Loss Landscape Geometry and the Learning of Symmetries: Or, What Influence Functions Reveal About Robust Generalization
James Amarel, Robyn Miller, Nicolas Hengartner, Benjamin Migliori, Emily Casleton, Alexei Skurikhin, Earl Lawrence, Gerd J. Kunde
TL;DR
The paper tackles whether neural PDE emulators genuinely learn physical symmetries or merely memorize data by introducing an influence-function–based diagnostic that measures orbit-wise gradient coherence across symmetry actions. It applies this framework to autoregressive emulators (UNet and ViT) trained on 2D compressible Euler and Navier–Stokes data, showing that forward-equivalence can coexist with incoherent learning signals across symmetry orbits, depending on architecture and data.

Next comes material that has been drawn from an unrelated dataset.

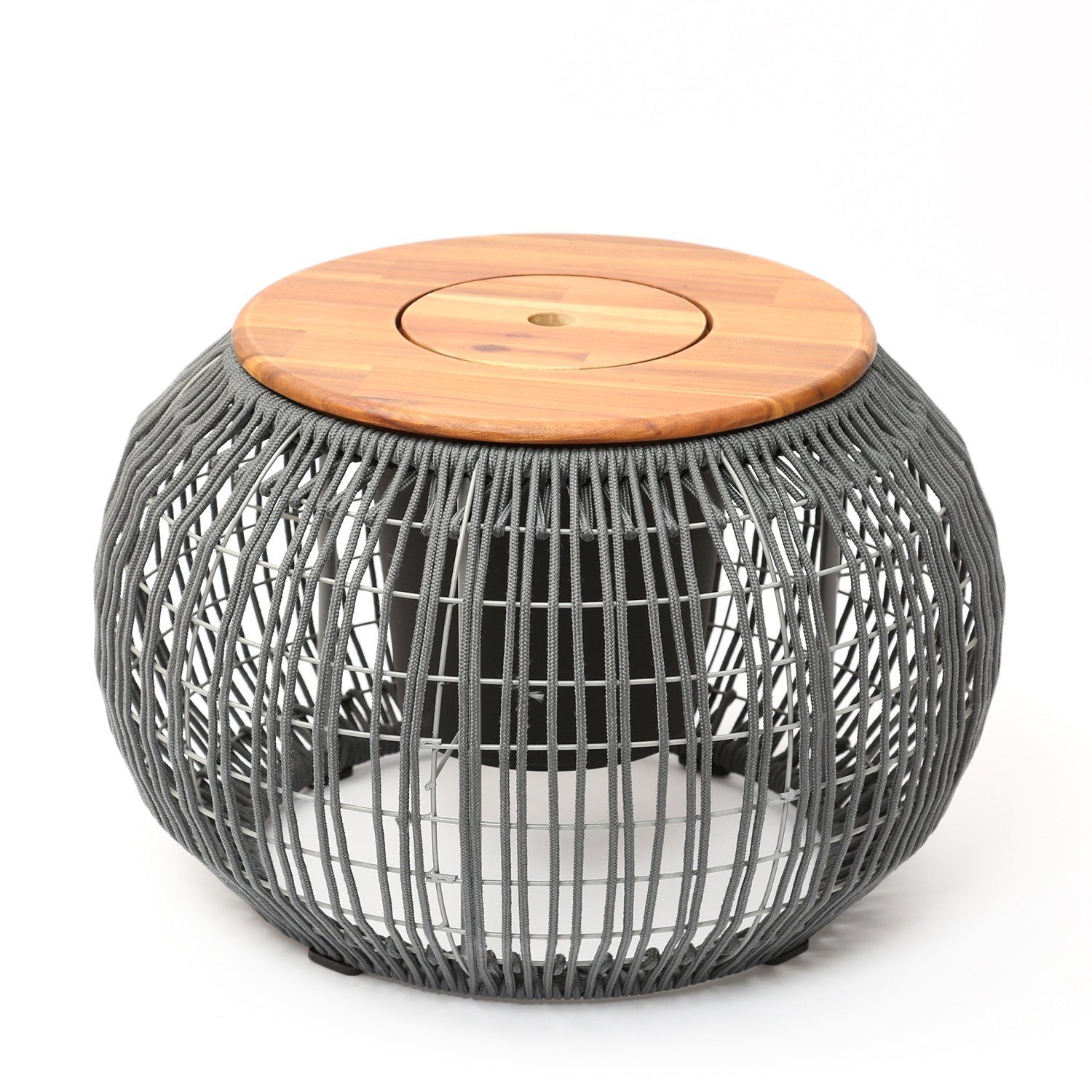 Dieser Garten Beistelltisch mit einer Höhe von 37cm kommt in einem modernen Design daher. Die grauen Kunststoffseile und der Deckel aus Akazienholz sorgen für einen tollen Blickfang in Deinem Garten, auf der Terrasse oder dem Balkon.

The study reveals a trade-off: models with strong symmetry biases exhibit uniform gradient coupling and principled generalization but slower optimization, whereas flexible models converge quickly with strong but localized orbit-wise responses, risking symmetry-incompatible basins. The diagnostic provides a principled tool for auditing symmetry learning in scientific ML, guiding data augmentation and architectural choices to foster robust, physically consistent generalization.
Abstract
We study how neural emulators of partial differential equation solution operators internalize physical symmetries by introducing an influence-based diagnostic that measures the propagation of parameter updates between symmetry-related states, defined as the metric-weighted overlap of loss gradients evaluated along group orbits. This quantity probes the local geometry of the learned loss landscape and goes beyond forward-pass equivariance tests by directly assessing whether learning dynamics couple physically equivalent configurations. Applying our diagnostic to autoregressive fluid flow emulators, we show that orbit-wise gradient coherence provides the mechanism for learning to generalize over symmetry transformations and indicates when training selects a symmetry compatible basin. The result is a novel technique for evaluating if surrogate models have internalized symmetry properties of the known solution operator.